It’s not surprising that ridiculous and obscenely named Wi-Fi networks exist. In college, I could pick up such delightfully named networks as “assclown” and “boners firing into space.” However, it may surprise you to learn that a Wi-Fi network at the Teaneck, New Jersey Richard Rodda Community Center was so obscene that it set off a police investigation.
According to the New York Daily News, this particular network was named:
“F— All Jews and N—-”
Frankly, I don’t think those blanks need to be filled in.
The network raised complaints, which led the police to trace the location of the network inside the community center. Teaneck police are currently looking into who named the network, and the Teaneck Mayor Mohammed Hameeduddin has promised, ”We’re going to work hard to find out who did it.”
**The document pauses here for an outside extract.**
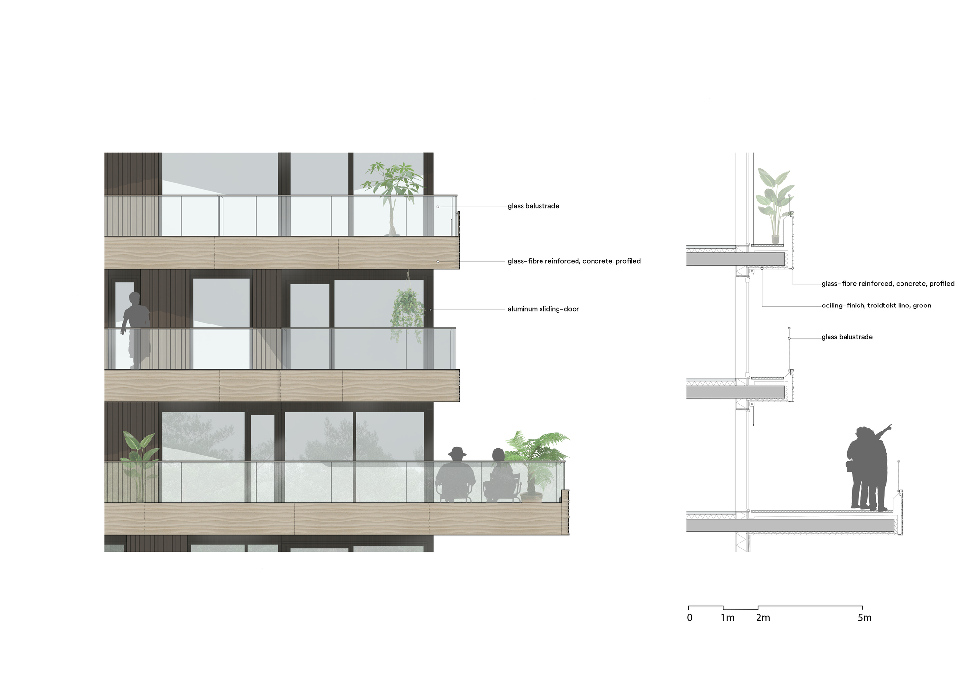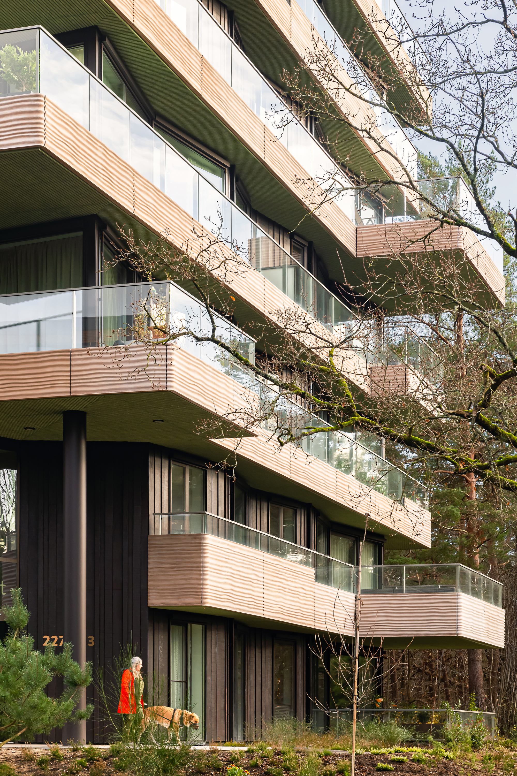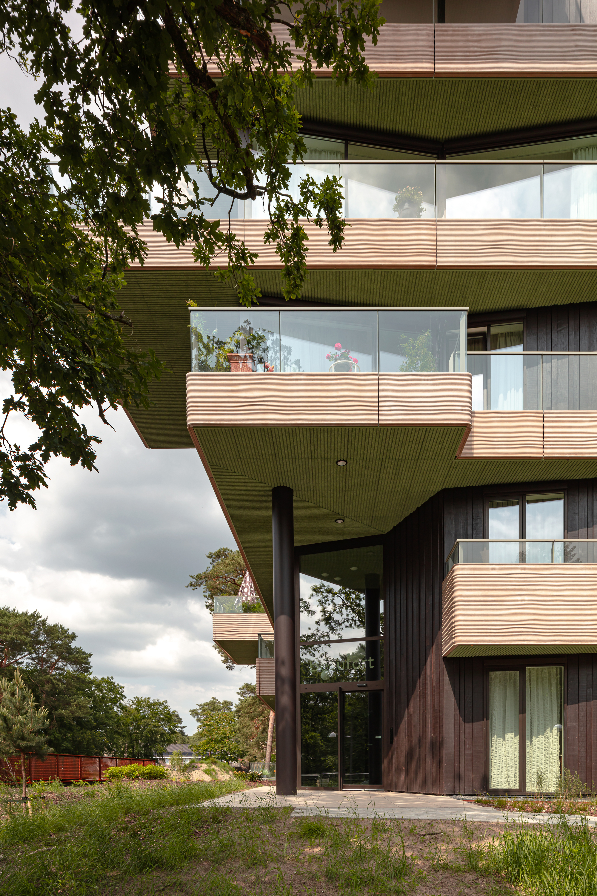 발코니 난간과 테라스는 물결 패턴의 GRC 패널(유리 강화 콘크리트)로 마감되어 있습니다. 이 패턴은 빛의 방향과 강도에 따라 변화하며, 마치 바람에 흔들리는 모래 언덕을 연상시킵니다.건물의 주요 구조는 열처리된 프라케(Fraké) 목재로 마감되어 있습니다. 이 목재는 습기에 강하고 고유의 질감이 살아 있어, 숲의 고유한 분위기를 한층 강화합니다.발코니 하부는 녹색 라인으로 마감되어 있으며, 이는 숲의 나뭇잎을 바라볼 때 느껴지는 자연스러운 색감을 반영하여 건물과 자연의 경계를 모호하게 만듭니다.

Some might argue that this is an unnecessary response to a Wi-Fi name. However, Wi-Fi networks are public pronouncements that often appear unbidden on people’s phones and computers. In my mind, it’s as if the words were written in enormous letters on a billboard, or shouted by someone standing nearby. In those situations, we’d almost certainly call this harassment. In fact, the woman quoted by the NY Daily News said:
“I was shocked, hurt. I felt harassed.”
Teaneck Police Chief Robert Wilson is quoted as saying that police are looking at situation as a possible bias crime. Unfortunately, considering that an unsecured wireless network can be renamed by any passerby probably means that no one person will carry the blame. I’d imagine it was just that: An enormous jerk who wanted to make trouble and will probably escape detection.
Hopefully, public spaces will keep their wireless networks locked down to prevent this kind of thing, but it would be far better if human beings could manage not to be crappy to each other. Both of these statements are, sadly, wishful thinking.